The report, which is published in association with Davy, predicts house prices will rise by 8% overall in 2018 - split between double digit growth outside the capital and a rise of 6% or 7% in Dublin.

While asking prices fell back by 1% nationally in the last quarter and 0.4% in Dublin, it says 2017 was a year of "robust inflation", with prices rising by 10.2% nationally and 11.1% in Dublin.

The average asking price for new sales nationally was €242,000 in the final quarter. In Dublin, the median price was €330,000 compared with €195,000 in the rest of Ireland.

 

Source: MyHome.ie

Report author and chief economist at Davy, Conall MacCoille, said tighter Central Bank rules should slow house price inflation in Dublin.

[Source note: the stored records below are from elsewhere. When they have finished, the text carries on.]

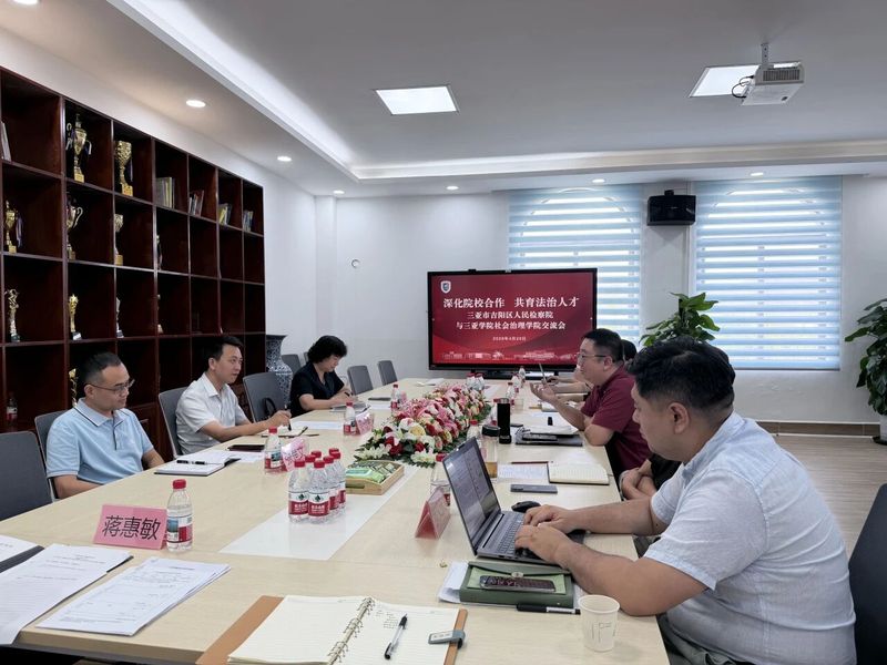 为深入践行“333”育人理念,积极响应海南自贸港法治建设需求,社会治理学院着力搭建全链条协同育人机制 ,打造自贸港法治人才培养新高地。2026年4月20日,三亚市吉阳区人民检察院党组书记、检察长李兴华一行到访三亚学院社会治理学院。校领导、社会治理学院院长亓元携学院领导班子热烈欢迎。双方围绕全链条协同育人机制构建、法学人才分类培养、实践教学创新等议题展开深入交流,达成多项合作共识,共同开启校地协同培养新时代高素质法治人才新篇章。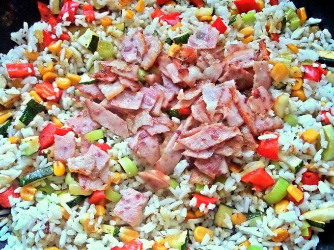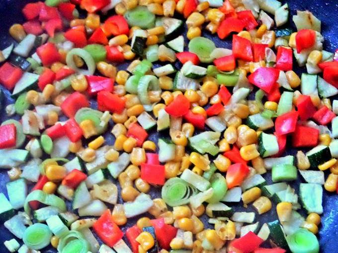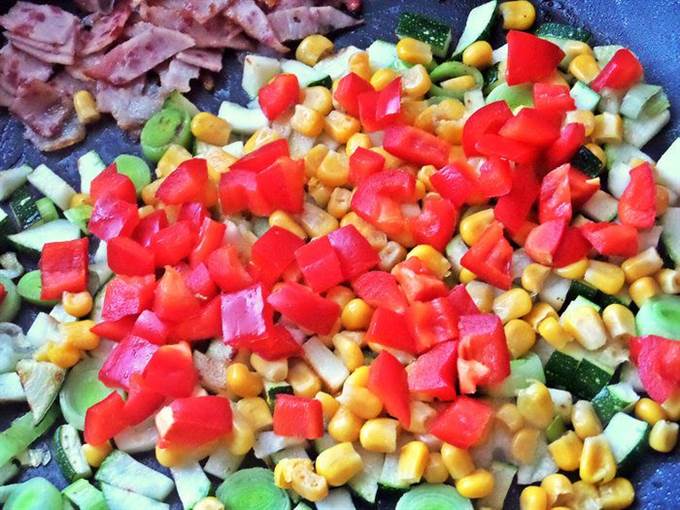 Отодвигаем или убираем ветчину и добавляем в сковороду нарезанные овощи. Жарим на масле виноградных косточек от Biolio.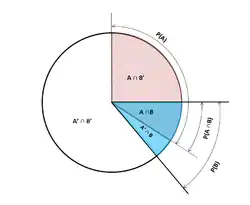 In probability theory, conditional probability is a measure of the probability of an event occurring, given that another event (by assumption, presumption, assertion or evidence) is already known to have occurred.[1] This particular method relies on event A occurring with some sort of relationship with another event B. In this situation, the event A can be analyzed by a conditional probability with respect to B. If the event of interest is A and the event B is known or assumed to have occurred, "the conditional probability of A given B", or "the probability of A under the condition B", is usually written as P(A|B)[2] or occasionally PB(A). This can also be understood as the fraction of probability B that intersects with A, or the ratio of the probabilities of both events happening to the "given" one happening (how many times A occurs rather than not assuming B has occurred): .[3]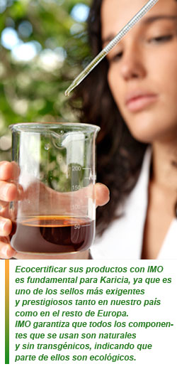 Ecocertificar sus productos con IMO es fundamental para Karicia, ya que es uno de los sellos más exigentes y prestigiosos tanto en nuestro país como en el resto de Europa. IMO garantiza que todos los componentes que se usan son naturales y sin transgénicos, indicando que parte de ellos son ecológicos. En sus controles inspecciona todas las instalaciones asegurando que la producción sea ecológica y siga unas normas de sostenibilidad.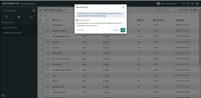 Sélectionnez System Administrator ou cliquez sur l’icône d'utilisateur du menu utilisateur en haut à droite de la page et choisissez Elevate Role :

"Asking prices have fallen in the final quarter of each of the last five years before bouncing back in the spring and we see that pattern continuing in 2018.

"However due to the Central Bank tightening its mortgage lending rules we believe house price inflation in more expensive areas, like Dublin, will slow somewhat to around 6 or 7%.

"Homebuyers in Dublin have been taking out higher levels of mortgage debt, but with the availability of credit constrained, further price increases will also be curtailed slightly in 2018.

"However double-digit price gains are likely to continue outside the capital where the recovery began later, prices are cheaper and there is still scope for leverage on mortgage lending to rise."

Source: MyHome.ie

"Looking forward to 2018 rising house prices have now dragged all but 9% of owner-occupiers out of negative equity, a stark improvement from the 36% at end-2012.

"With greater equity in their homes, more Irish households will seek to move home, helping housing market activity".

At the end of the year the number of properties listed for sale had fallen to just 18,900.

This is a fresh record low, down 9.4% on the year - representing less than 1% of the housing stock.

While the average time to sale agreed was just 3.8 months nationally and 2.8 months in Dublin.